§ DATA:
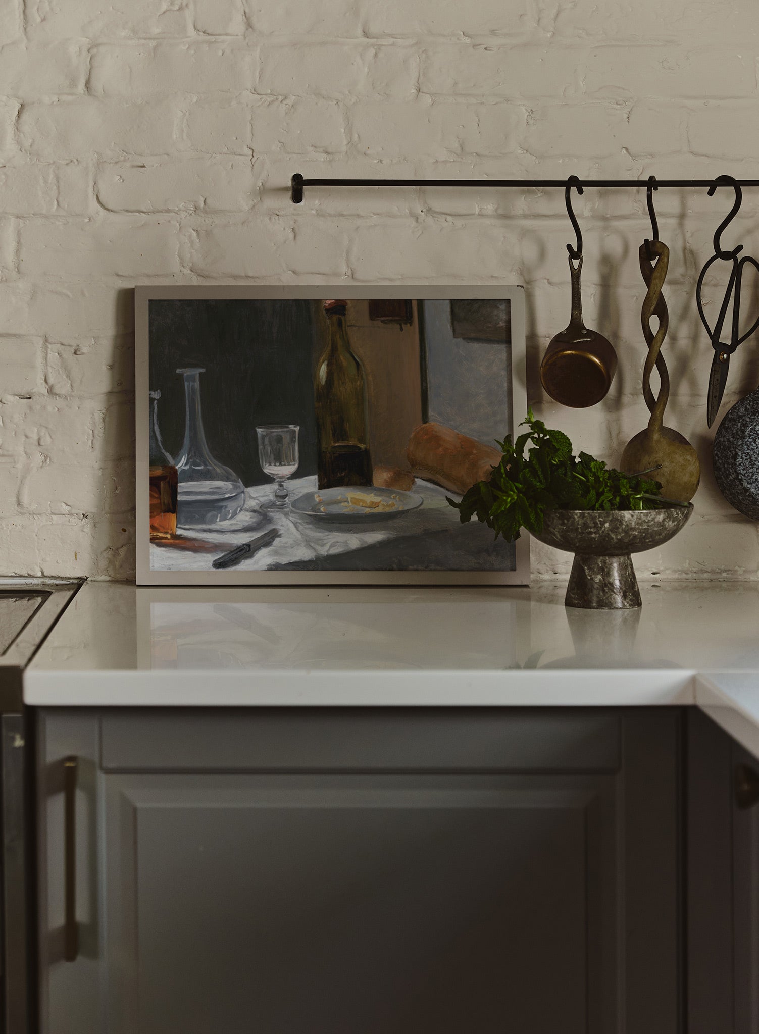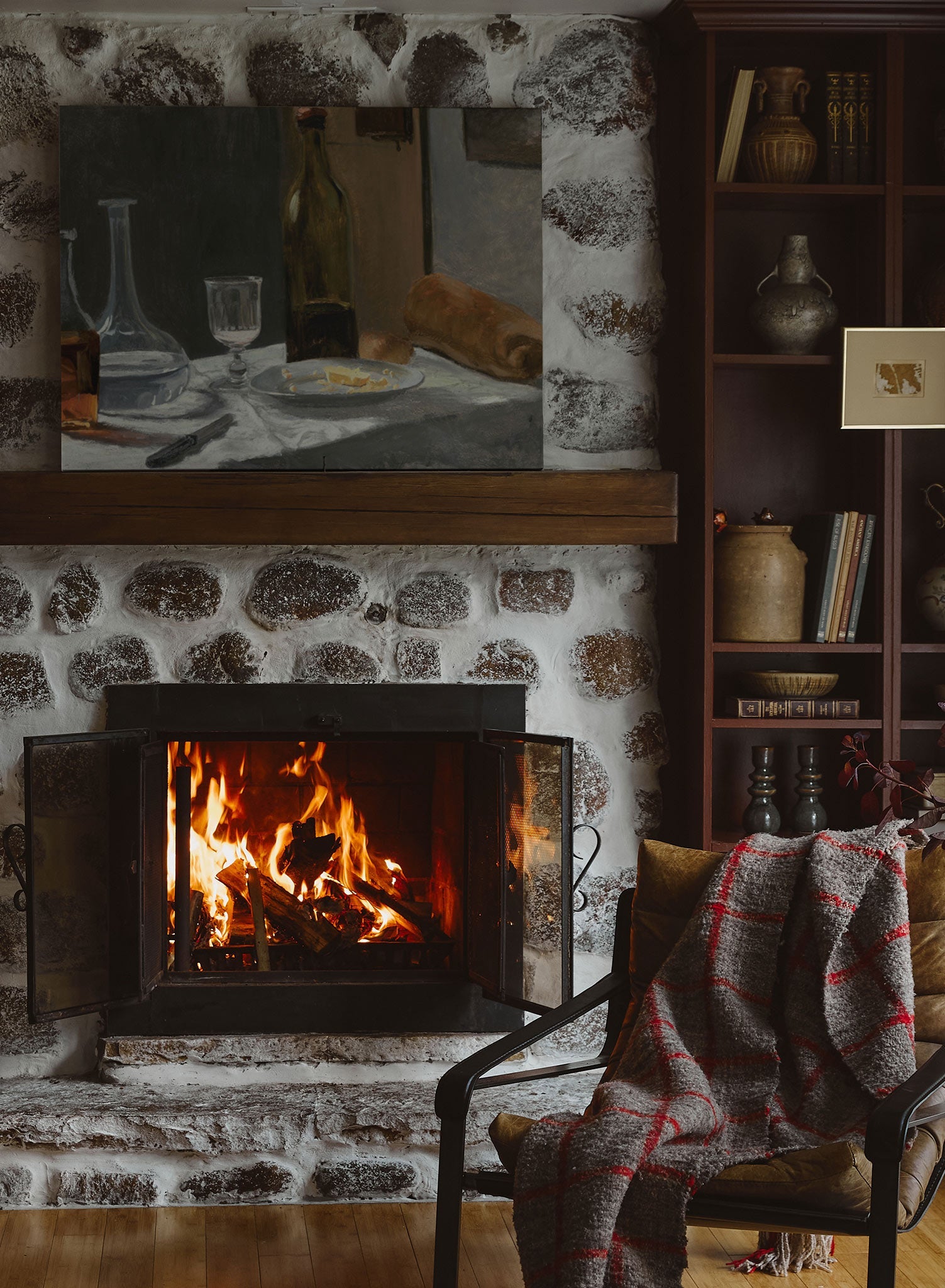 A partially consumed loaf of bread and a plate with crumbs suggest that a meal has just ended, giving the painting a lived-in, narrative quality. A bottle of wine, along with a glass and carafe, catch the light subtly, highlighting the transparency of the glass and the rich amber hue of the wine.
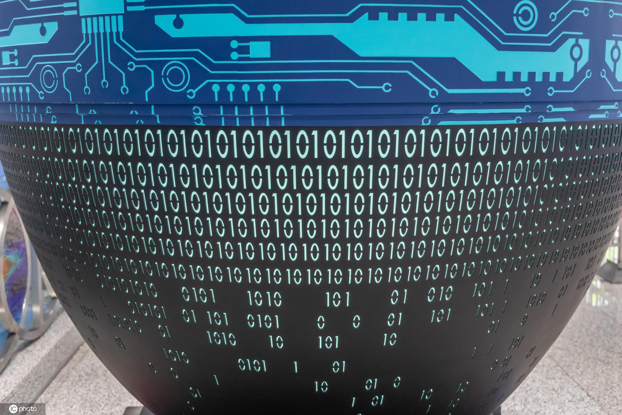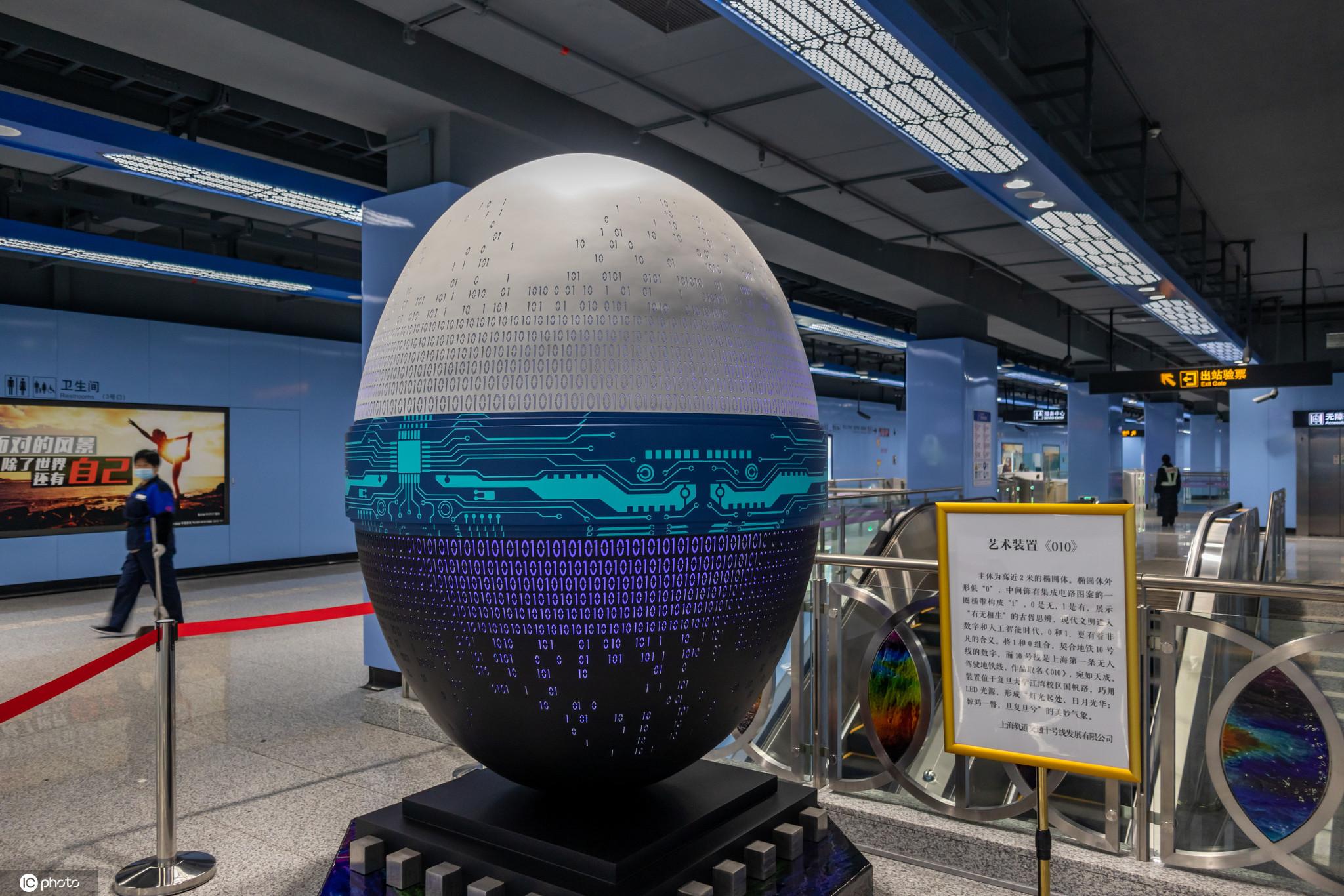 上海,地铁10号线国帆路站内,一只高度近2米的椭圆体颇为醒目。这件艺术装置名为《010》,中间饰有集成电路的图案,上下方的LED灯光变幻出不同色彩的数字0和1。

--

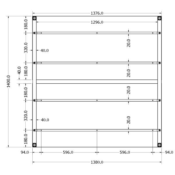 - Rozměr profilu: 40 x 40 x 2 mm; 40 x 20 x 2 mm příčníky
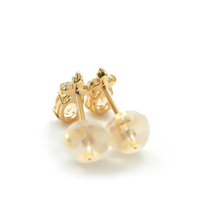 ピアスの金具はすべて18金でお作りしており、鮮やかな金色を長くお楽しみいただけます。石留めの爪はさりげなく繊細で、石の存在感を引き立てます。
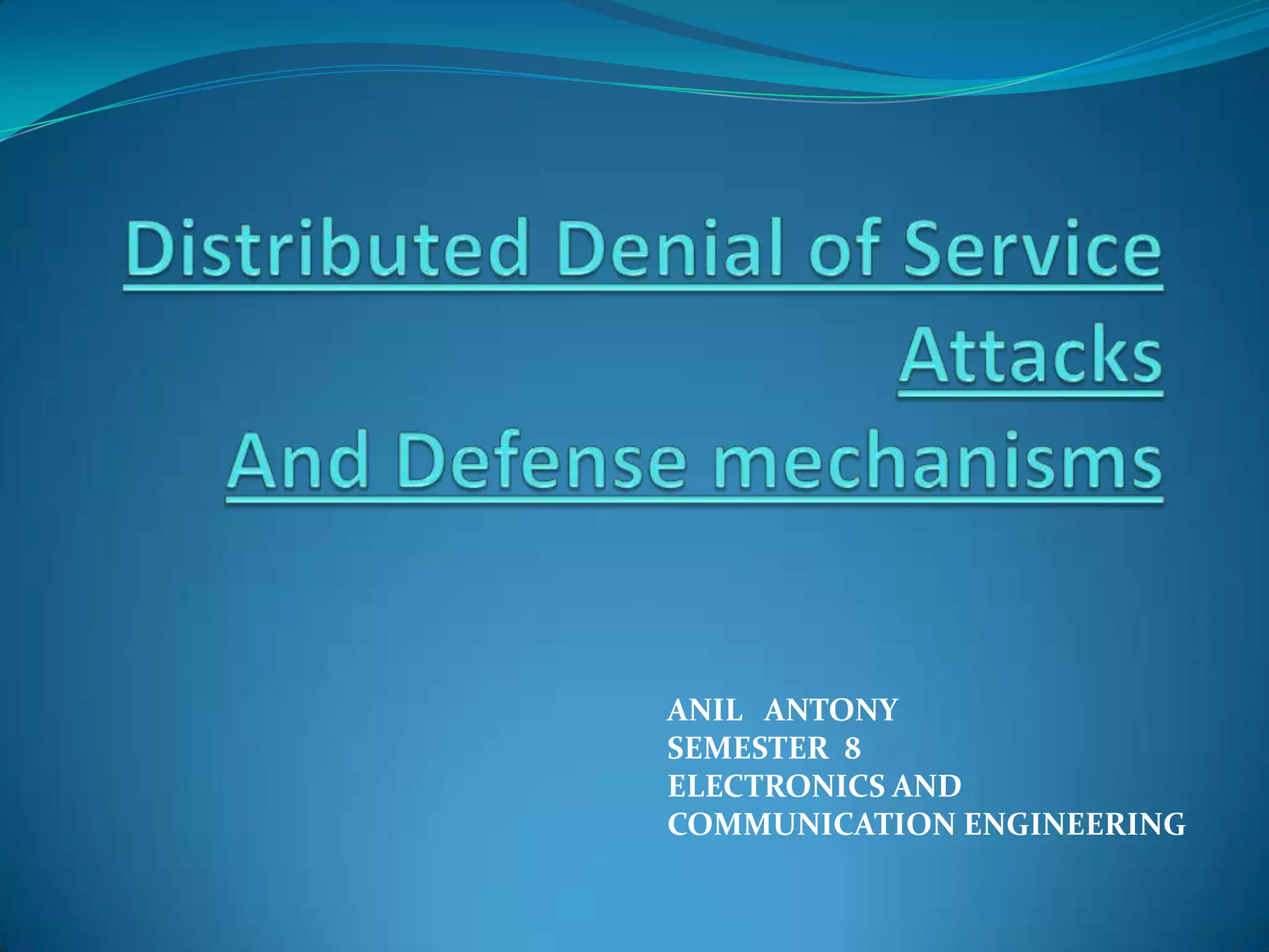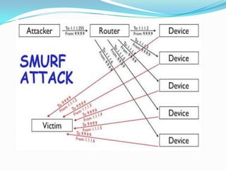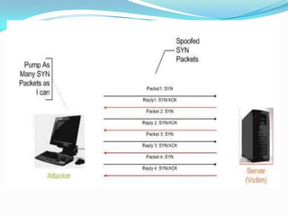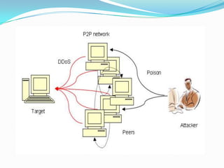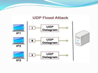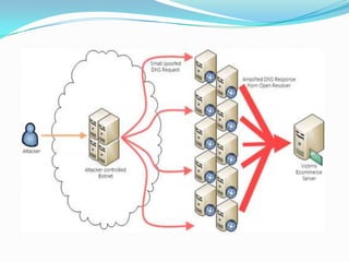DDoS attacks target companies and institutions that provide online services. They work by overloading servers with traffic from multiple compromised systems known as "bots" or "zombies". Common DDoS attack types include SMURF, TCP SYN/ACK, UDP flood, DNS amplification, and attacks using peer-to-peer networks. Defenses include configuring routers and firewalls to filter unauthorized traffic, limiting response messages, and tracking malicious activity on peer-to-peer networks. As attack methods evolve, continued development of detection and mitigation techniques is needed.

§ WHAT THE EXERCISE ASKS: Go to the line above holding "A partially consumed", then copy exactly each line down to and including the one holding "上海,地铁10号线国帆路站内", leaving pictures out.

§ REPLY TO THE EXERCISE:
 A partially consumed loaf of bread and a plate with crumbs suggest that a meal has just ended, giving the painting a lived-in, narrative quality. A bottle of wine, along with a glass and carafe, catch the light subtly, highlighting the transparency of the glass and the rich amber hue of the wine.
 上海,地铁10号线国帆路站内,一只高度近2米的椭圆体颇为醒目。这件艺术装置名为《010》,中间饰有集成电路的图案,上下方的LED灯光变幻出不同色彩的数字0和1。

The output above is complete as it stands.